Greeted with cautious optimism
Ross McMillan, owner and mortgage advisor of Blue Fish Mortgage Solutions, said that it had been almost 15 years since the last 100 per cent LTV mortgages were available and their return should be “welcomed and greeted with a sense of cautious optimism as a clear sign of confidence and stability in the banking system and the robustness of the UK property market as a whole”.
“While previous instances of such lending were associated with reckless practices, a more sensible and holistic approach is now regulated for and expected. Of course, we can’t forget the lessons of the past. Smart lending and careful assessment are key to making this work,” he added.
Justin Moy, managing director at EHF Mortgages, said that the move suggest the potential for property prices falling any further in the long term is “relatively small” and the five-year fixed rate term would “smooth out any immediate issues with the longer-term gains typically delivered by property”.
He said that this would be quite a “niche product” and there was other 100 per cent LTV schemes in the market but this gave “some greatly needed confidence to the housing market and is another opportunity to help people get on the property ladder”.
More lenders may follow suit
Craig Fish, director at Lodestone Mortgages and Protection, said that the rate of the product was “decent”, and it would help those who “need it most”, namely those who cannot save a deposit due to high rents.
“I suspect we now may start to see a few more lenders offering similar products, which will be a great stimulus for the lower rungs of the property ladder. Not sure of the effect that this will have on the rental market but suspect that we may see a few more landlords exit the market.
“What the uptake of the product will be like remains to be seen, and I suspect if it proves to be too popular, we may well quickly see the product withdrawn, or tailored to limit exposure,” he noted.
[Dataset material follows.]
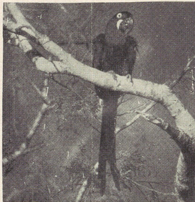
Hyacinth Macaw, one of the world's most threatened parrots

The ecological requirements of parrots vary enormously. Many parrot species are adaptable, and some birds that have been released, or have escaped from the vast populations held in captivity, have become naturalised. For example, in the United States at least 27 species of parrot have such feral populations. Other species have proliferated

Amit Patel, adviser at Trinity Finance, agreed that this would help Generation Rent get on the ladder, and this would help bridge the gap between renting and buying a home.
“I expect demand for this product will be high and other lenders will be watching this space very closely and may launch a similar offering in the days and weeks ahead,” he said.
Spectre of negative equity still a concern
Graham Cox, founder at Self-EmployedMortgageHub.com, said that he was “amazed” that the Prudential Regulation Authority had given the given the mutual the go-ahead for the product launch.
“It’s like we’ve learnt nothing from the global financial crisis in 2008. I understand the logic of trying to help those who are rent-trapped, and unable to save for a deposit, but to me, it’s addressing the symptom rather than the cause, which is that house prices are too high.
“The grave danger is borrowers will overextend themselves. The slightest fall in house prices, and I believe they’ll fall significantly over the next 12-18 months, will leave homeowners in negative equity, with the property worth less than the mortgage balance. Not a great place to be if your income drops and you need to sell,” he added.
Hollingworth said there would always be concerns with no-deposit product could risk negative equity but the longer-term nature of the product could mitigate that and “if it can help some accelerate the move from renting to home ownership it could be a significant new product”.
Belton said that the industry was “acutely aware” of potential risks but affordability checks were “more robust now” than they were pre-financial crisis.
Ross Lacey, director and chartered financial planner at Fairview Financial Management, added that for lenders who do offer such products then it was key to offer product options that “borrowers can fall back onto at remortgage time”.
He said: “This can provide a safety net to help borrowers avoid being forced to move onto the standard variable rate if they are remortgaging at a time that coincides with being in negative equity.”